In Beer’s conceptualization, organizations consist of five levels of activity nested within one another. You might think of it as a series of boxes within boxes, but each has the same general characteristics. These common characteristics are information-channel connections to the environment and one another. Each portion of the model has three elements: management, operations, and environment. There must be connections between its relevant management, operations, and environment for any system within the overall structure. As an example, think of an Emergency Room. Patients come in from the environment, doctors, nurses giving care, and the hospital administration for records, billings, and diagnostics.
These levels are numbered One through Five and begin at the activity level. Each system has a core management issue and is characterized by its unique focus on different activities that a viable system must incorporate. The implication here is that if an organization is missing one or more of these “systems,” it is by definition not viable and will cease to have a unique identity over time, become dysfunctional, and be replaced through the process of creative destruction.
Systems within Systems
This figure is a schematic of the overall Viable Systems Model showing the relationships among the systems. Notice that each System One is connected to various levels of the environment. The lines connecting the elements are information channels. Each of the information channels contains a two-way linkage, as well as attenuators and amplifiers.
System One This is the level of production. This is the base activity of the enterprise, be it production line, food gathering, or healthcare delivery. This is the level where we say the “real work” gets done. The key management issue is one of managing complexity. Moreover, it is the management of environmental complexity in which the entire organization exists. Many signals are coming at the organization, and they bombard System One continuously. System One is connected with information channels that embed attenuators (dampen flows) and amplifiers (multiply inputs). This is equivalent to first-line management and workers. Think of a doctor’s office or a department in a hospital (i.e., Surgery. OB/GYN, ICU, etc.)

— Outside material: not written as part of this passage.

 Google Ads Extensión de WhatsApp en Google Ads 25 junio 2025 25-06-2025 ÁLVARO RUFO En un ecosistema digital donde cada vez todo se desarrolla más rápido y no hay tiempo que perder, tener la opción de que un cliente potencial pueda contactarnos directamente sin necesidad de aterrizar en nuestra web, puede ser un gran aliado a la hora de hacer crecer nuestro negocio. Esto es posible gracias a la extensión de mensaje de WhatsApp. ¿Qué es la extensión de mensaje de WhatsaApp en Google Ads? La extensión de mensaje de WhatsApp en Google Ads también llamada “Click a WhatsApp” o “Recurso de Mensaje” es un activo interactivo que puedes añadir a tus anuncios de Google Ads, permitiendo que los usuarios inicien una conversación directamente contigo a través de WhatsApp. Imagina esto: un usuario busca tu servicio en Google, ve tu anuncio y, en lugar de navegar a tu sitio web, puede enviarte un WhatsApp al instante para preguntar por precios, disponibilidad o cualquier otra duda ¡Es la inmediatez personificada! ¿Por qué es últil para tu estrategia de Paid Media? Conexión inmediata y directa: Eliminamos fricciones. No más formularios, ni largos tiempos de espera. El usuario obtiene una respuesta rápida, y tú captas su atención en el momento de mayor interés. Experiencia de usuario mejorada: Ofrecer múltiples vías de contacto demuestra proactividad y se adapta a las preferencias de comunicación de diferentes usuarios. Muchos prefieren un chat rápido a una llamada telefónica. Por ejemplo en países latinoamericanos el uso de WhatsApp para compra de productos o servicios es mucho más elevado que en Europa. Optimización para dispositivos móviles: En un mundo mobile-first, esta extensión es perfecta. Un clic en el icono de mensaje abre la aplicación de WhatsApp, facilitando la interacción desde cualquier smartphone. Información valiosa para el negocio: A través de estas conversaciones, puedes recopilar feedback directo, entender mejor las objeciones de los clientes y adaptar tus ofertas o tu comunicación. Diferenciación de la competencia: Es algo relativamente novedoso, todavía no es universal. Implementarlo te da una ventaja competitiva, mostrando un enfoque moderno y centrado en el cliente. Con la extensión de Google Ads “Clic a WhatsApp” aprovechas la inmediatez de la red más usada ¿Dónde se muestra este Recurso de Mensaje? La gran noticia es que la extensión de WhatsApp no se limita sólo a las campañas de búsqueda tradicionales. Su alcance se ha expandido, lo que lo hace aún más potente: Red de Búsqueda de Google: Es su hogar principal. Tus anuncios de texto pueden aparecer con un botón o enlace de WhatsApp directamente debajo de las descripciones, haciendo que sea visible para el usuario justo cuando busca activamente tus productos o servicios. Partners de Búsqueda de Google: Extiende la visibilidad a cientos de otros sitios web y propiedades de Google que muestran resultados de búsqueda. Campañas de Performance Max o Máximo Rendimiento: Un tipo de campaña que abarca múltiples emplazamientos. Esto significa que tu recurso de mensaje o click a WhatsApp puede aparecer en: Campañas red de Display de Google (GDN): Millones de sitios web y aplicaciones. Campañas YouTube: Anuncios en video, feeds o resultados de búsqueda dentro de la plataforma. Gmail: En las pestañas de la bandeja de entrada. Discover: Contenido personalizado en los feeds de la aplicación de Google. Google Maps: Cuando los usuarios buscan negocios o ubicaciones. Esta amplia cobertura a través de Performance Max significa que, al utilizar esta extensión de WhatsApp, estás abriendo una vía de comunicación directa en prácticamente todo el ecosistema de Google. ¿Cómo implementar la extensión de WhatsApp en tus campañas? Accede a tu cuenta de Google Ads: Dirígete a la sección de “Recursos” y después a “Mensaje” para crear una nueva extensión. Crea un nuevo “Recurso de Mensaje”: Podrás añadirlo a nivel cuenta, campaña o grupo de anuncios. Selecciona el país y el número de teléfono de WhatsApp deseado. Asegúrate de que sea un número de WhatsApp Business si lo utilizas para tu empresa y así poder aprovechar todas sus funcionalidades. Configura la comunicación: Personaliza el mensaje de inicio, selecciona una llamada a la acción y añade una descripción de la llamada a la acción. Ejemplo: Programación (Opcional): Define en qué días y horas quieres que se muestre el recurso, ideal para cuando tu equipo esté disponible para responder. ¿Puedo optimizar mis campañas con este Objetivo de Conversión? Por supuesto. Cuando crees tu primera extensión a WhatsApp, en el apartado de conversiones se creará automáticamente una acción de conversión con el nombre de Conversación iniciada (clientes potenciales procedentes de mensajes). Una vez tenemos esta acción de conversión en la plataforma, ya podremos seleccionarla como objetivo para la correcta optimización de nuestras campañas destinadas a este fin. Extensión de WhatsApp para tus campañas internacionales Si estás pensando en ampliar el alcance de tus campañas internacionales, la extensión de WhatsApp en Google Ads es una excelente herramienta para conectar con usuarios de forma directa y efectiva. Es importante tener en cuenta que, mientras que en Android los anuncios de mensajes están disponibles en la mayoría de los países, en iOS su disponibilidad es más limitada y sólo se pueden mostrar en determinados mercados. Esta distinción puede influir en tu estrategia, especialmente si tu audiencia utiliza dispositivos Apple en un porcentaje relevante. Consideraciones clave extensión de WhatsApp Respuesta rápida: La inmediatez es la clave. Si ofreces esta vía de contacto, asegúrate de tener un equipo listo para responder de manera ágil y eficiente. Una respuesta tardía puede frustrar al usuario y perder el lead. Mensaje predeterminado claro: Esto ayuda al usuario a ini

System Two This system is charged with managing a state of homeostasis between Systems Ones. This is a coordination and balancing function. Critical issues for this system in our healthcare example are patient load, staffing, and supplies. This is the first level of the system in the VSM, where information crosses unit boundaries; therefore, channel capacity and transducers are included in the information links. This is roughly the same as our depiction of middle-management functions. How many ICU beds are needed, how many ventilators.
System Three The central task here is to manage the internal “here and now.” This is where the limits to oscillation are set. This system sets rules and makes resource bargains with System One’s based on the information it receives from System Two concerning fluctuation. This I where you get an overall picture of systems dynamics, those changing conditions coming from the environment. System Three serves an internal audit function by comparing “deliverables” against expectations and regulatory demands. This is the first specialized level of senior management where overall enterprise responsibility is found–vice presidents.

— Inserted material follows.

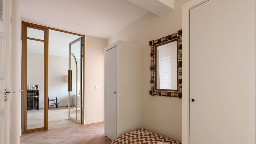 De meiden hebben alle drie een eigen slaapkamer, eindelijk! De kamer van de oudste is gemaakt in de ruimte waar eerst de keuken zat. Een bureau, groot bed én natuurlijk een mooie passpiegel. Een roze kamer, waarvan de ouders zeker weten dat ze er superblij mee is.
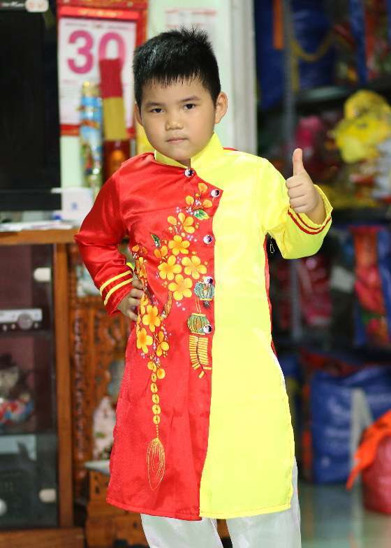 Áo dài trẻ em đỏ vàng vẽ hoa mai

System Four The key management task here is looking outside and toward the future. Prediction or, as we would say, ‘strategic foresight.’ It is linked to System Three through tight feedback loops that settle the issue of balancing potential against the actual capacity of the organization. Here we find governmental departments of health, disease control, and research institutes. Most enterprise failures occur when System Four fails to test its anticipated actions against a model of correct overall functioning – COVID19 pandemic.

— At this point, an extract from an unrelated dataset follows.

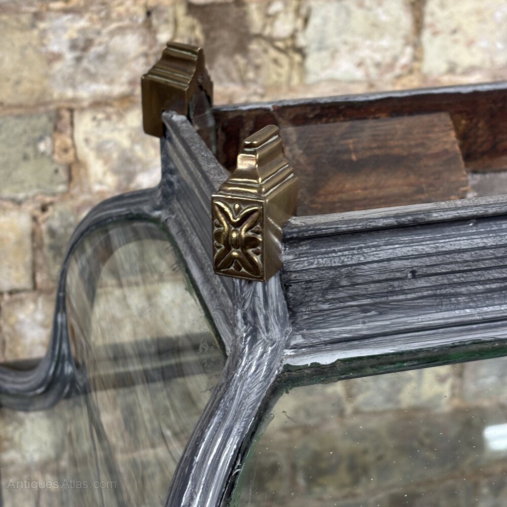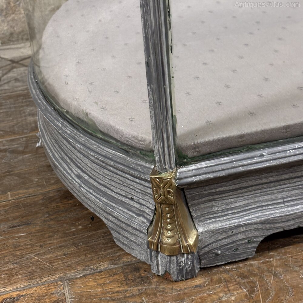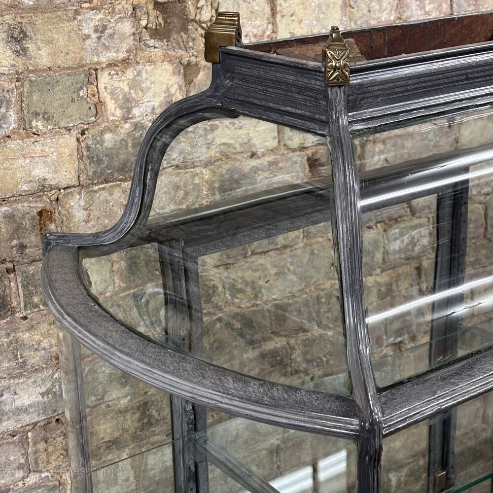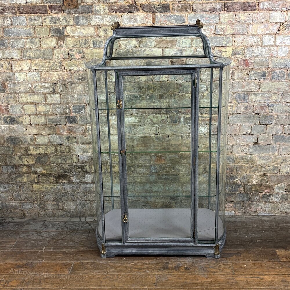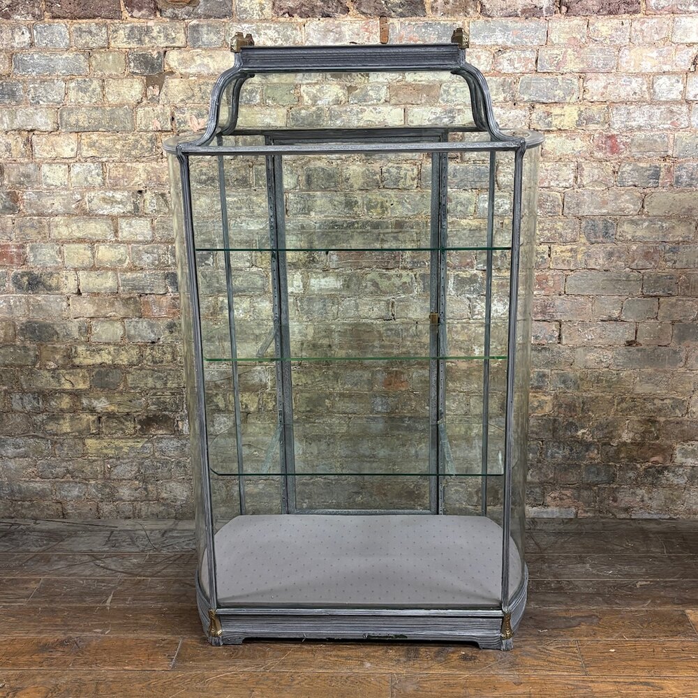 An elegant curved glass display cabinet dating from the early 20th century. The cabinet features a painted wood frame with its curved glass panels to the front and sides, three adjustable glass shelves, and a front-opening door fitted with a brass ring catch. Originally used in a fine boutique, this display case embodies the refined aesthetic of interwar French design. Perfect for showcasing treasured objects or as a feature piece in a contemporary interior.H: 157 W: 90 D: 52 cm

System Five System Five concerns itself with managing the identity and sustainability of the enterprise. This is the ultimate arbiter of questions and the wellspring of a sense of purpose. Systems One, Two, and Three struggle to maintain homeostasis; Systems Four pushes toward new directions. This fundamental organizational tension must be reconciled -System Five does that. This system contains a unique element that Stafford Beer has termed algedonic, where signals coming from System Ones are sensed to be alerting danger. The healthcare industry in the US can be seen to be deficient in its ability to process algedonic signals such as politicizing a public health crisis.
Application of the VSM
When you review the central tasks that each system in the VSM is supposed to be responsible for, it seems to make sense that all of them need to be happening in a successful organization. VSM makes visible those mysterious organizational processes that are ingredients of viability. A strong point of the VSM is its use in identifying the information-flow links among elements of an organization. A quick check concerning the existence of these can prove to be a powerful diagnostic. Do we have unimpeded connections across all systems in healthcare?
For example, what would happen if System Three were not present in an organization? This internal audit feedback loop from corporate to an operational unit is usually the province of the accounting corps. It is easy to predict what would happen if no financial audit procedures were in place in an organization—in our example, balancing cost of prevention like vaccines and masking against hospitalization cost – both short and long term.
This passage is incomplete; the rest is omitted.